- **The input**:
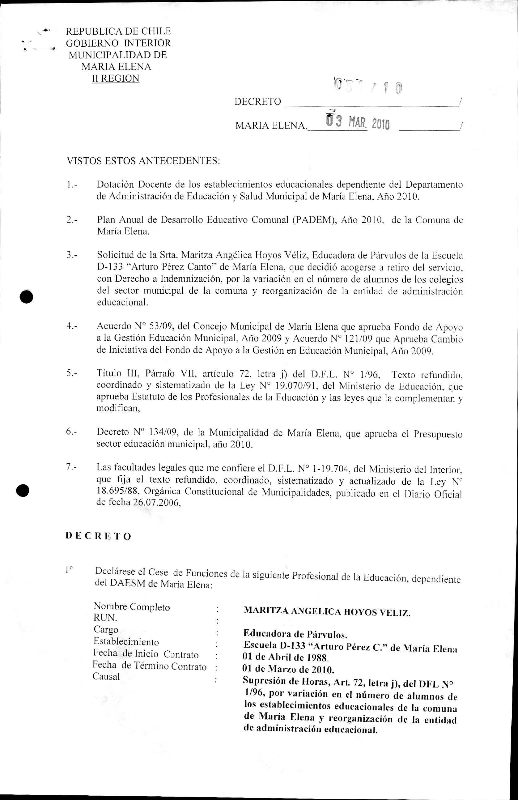 Transparencia Activa » 1.7 Actas y Resoluciones con efectos sobre Terceros» Decretos» 2010» Decretos Alcaldicios» DECRETOS REGISTRADO AÑO 2010» 2013-07-02 DR 31-2010
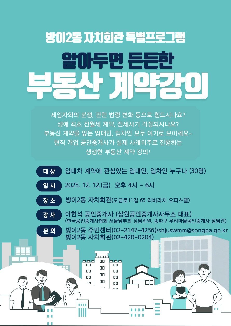 [금요저널] 서울 송파구는 방이2동 자치회관에서 오는 12월 12일 오후 4시부터 6시까지 '알아두면 든든한 부동산 임대차 계약 강의'를 개최한다.
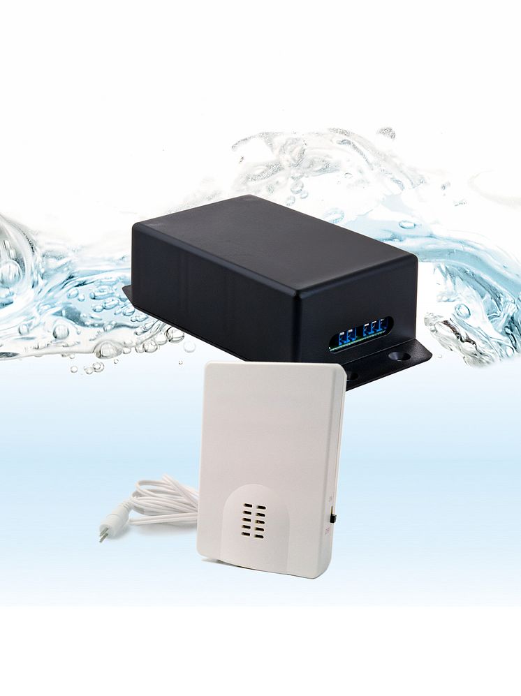 Läckagelarmet består av en fuktsensor med inbyggd siren och batteridrift. Denna kopplas till en SMS sändare som skickar SMS när larmet går.
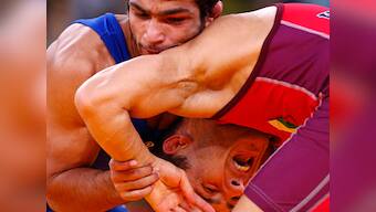 File photo of Amit Kumar. Reuters[/caption] In the quarterfinal round, he defeated US wrestler Agelo Alesmo Escobedo 6-0 and qualified for semi-final. Again in the semi-final round, he defeated Turkey’s wrestler Sezar Akgul 8-0 and made it to the final. Unfortunately, in the final, he lost to a close bout to Iran’s Rahimi Hassan Farma 1-2 points and missed out on the gold in 55 Kg. of Free Style. He had to be content with a silver medal. The other 2 wrestlers viz. Arun, 66 Kg. Free Style & Satyavart Kadayan, 96 Kg. Free Style lost their bouts and even could not qualify for the bronze medal bout. Sushil Kumar was due to participate in the 66kg class, but failed to take to the mat due to fitness issues and was replaced by Arun Kumar. The competition in 60 Kg., 74 Kg., 84 Kg. weight categories of Free Style will be held today.
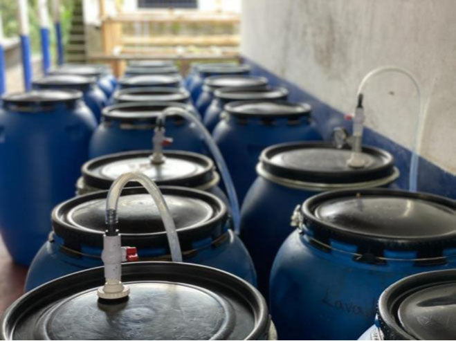 For the Caturra Wine Yeast process, coffee is fermented twice anaerobically. The first step is to seal the coffee cherries inside 200L plastic cans for 180hrs at a constant temperature of 18 ° C, adding wine yeasts.
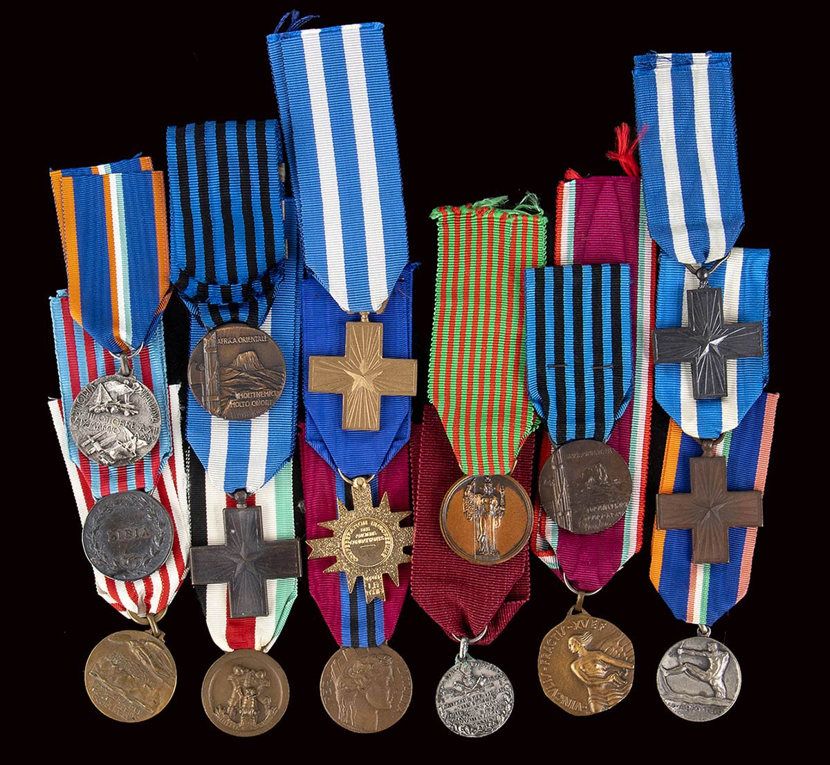 Lotto di sedici medagluie varie tra cuio spiccano per interesse la medaglia in argento dell’Armata del Po, la medaglia commemorativa della guerra d’Etiopia del XV battaglione radio avanzate del Genio, forze armate dell’Arar e medaglia del fronte alpino occidentale.
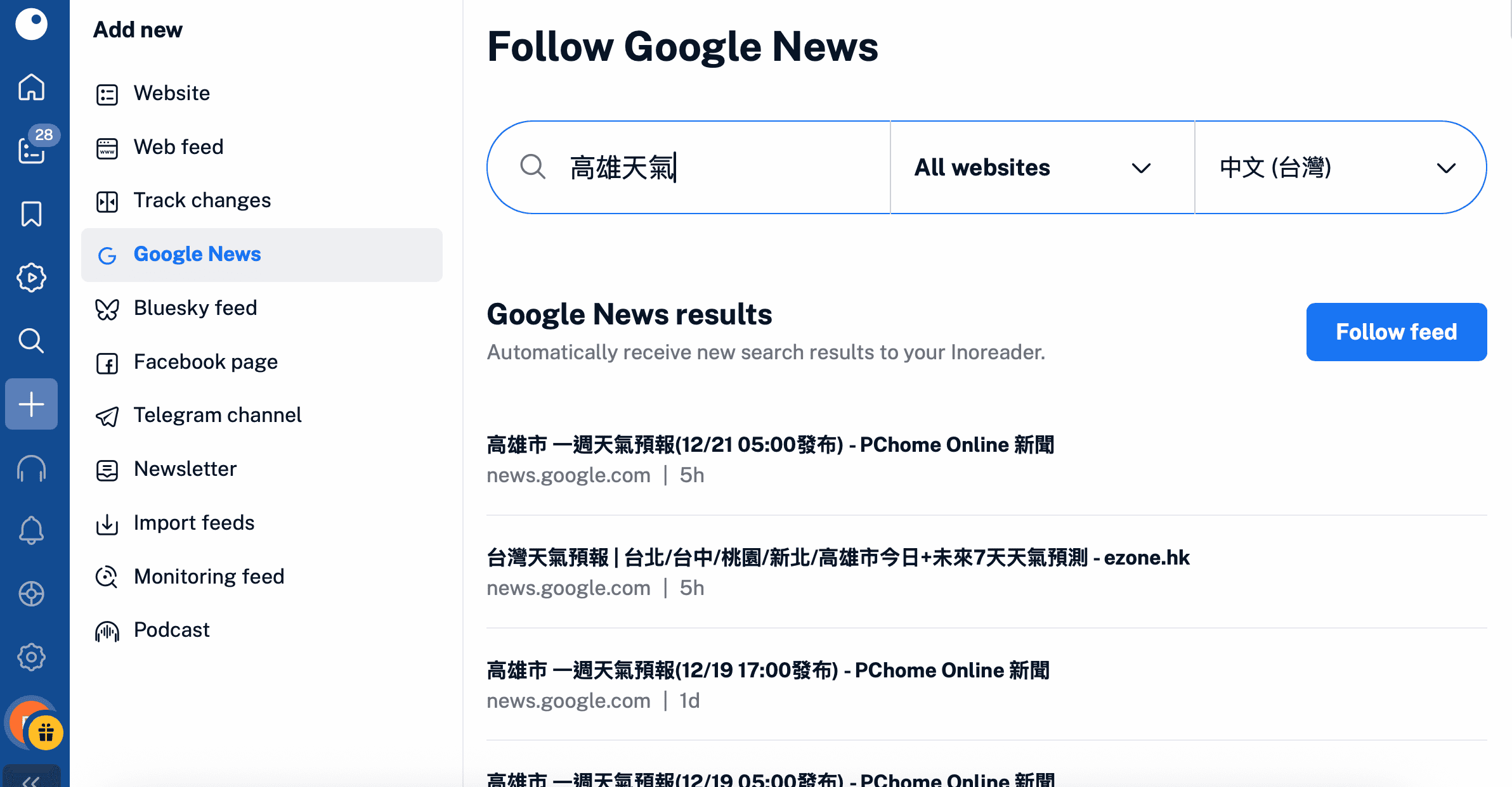 最後來介紹新聞的訂閱,用inoreader裡面的Google News就可以很方便的訂閱

- **Requirement**:
Print, exactly as written, the lines from the one containing "For the Caturra" to the end of the material, both ends included, and nothing else; no pictures.

- **Response**:
 For the Caturra Wine Yeast process, coffee is fermented twice anaerobically. The first step is to seal the coffee cherries inside 200L plastic cans for 180hrs at a constant temperature of 18 ° C, adding wine yeasts.
 Lotto di sedici medagluie varie tra cuio spiccano per interesse la medaglia in argento dell’Armata del Po, la medaglia commemorativa della guerra d’Etiopia del XV battaglione radio avanzate del Genio, forze armate dell’Arar e medaglia del fronte alpino occidentale.
 最後來介紹新聞的訂閱,用inoreader裡面的Google News就可以很方便的訂閱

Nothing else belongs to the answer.